Here is a complete method comparison workflow using the creatinine dataset:

```{r workflow}
# Load data
data("creatinine_serum")

# 1. Deming regression
dm <- deming_regression(enzymatic ~ jaffe, data = creatinine_serum)

# 2. View summary
summary(dm)
```

```{r workflow-plot, fig.cap = "Complete Deming regression analysis for creatinine methods."}
# 3. Create visualization
plot(dm, title = "Creatinine: Jaffe vs Enzymatic Method")
```

```{r workflow-residuals, fig.cap = "Residual diagnostics for creatinine comparison."}
# 4. Check residuals
plot(dm, type = "residuals")
```

## Extracting Results

For further analysis or reporting, extract components from the result object:

```{r extraction}
# Coefficients
slope <- dm$results$slope
intercept <- dm$results$intercept

# Confidence intervals
slope_ci <- dm$results$slope_ci
intercept_ci <- dm$results$intercept_ci

# Standard errors
slope_se <- dm$results$slope_se
intercept_se <- dm$results$intercept_se

# Formatted output for reporting
cat(sprintf("Slope: %.4f (95%% CI: %.4f to %.4f)\n", 
            slope, slope_ci["lower"], slope_ci["upper"]))
cat(sprintf("Intercept: %.4f (95%% CI: %.4f to %.4f)\n",
            intercept, intercept_ci["lower"], intercept_ci["upper"]))
```

## References

Cornbleet PJ, Gochman N. Incorrect least-squares regression coefficients in method-comparison analysis. Clinical Chemistry. 1979;25(3):432-438.

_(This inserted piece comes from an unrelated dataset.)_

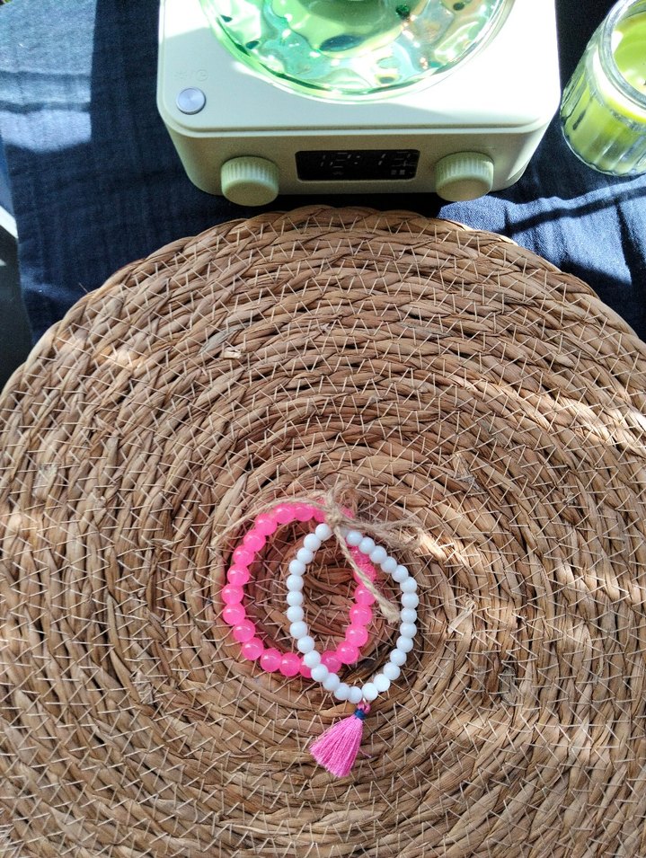 Pembe ve beyaz boncuklardan oluşan, küçük püsküllü bohem tarzda kadın bilekliği, günlük kullanıma uygundur. Kendi el yapımımdır. İnce bileklere uygundur.

Linnet K. Estimation of the linear relationship between the measurements of two methods with proportional errors. Statistics in Medicine. 1990;9(12):1463-1473.

Linnet K. Evaluation of regression procedures for methods comparison studies. Clinical Chemistry. 1993;39(3):424-432.

Deming WE. Statistical Adjustment of Data. Wiley; 1943.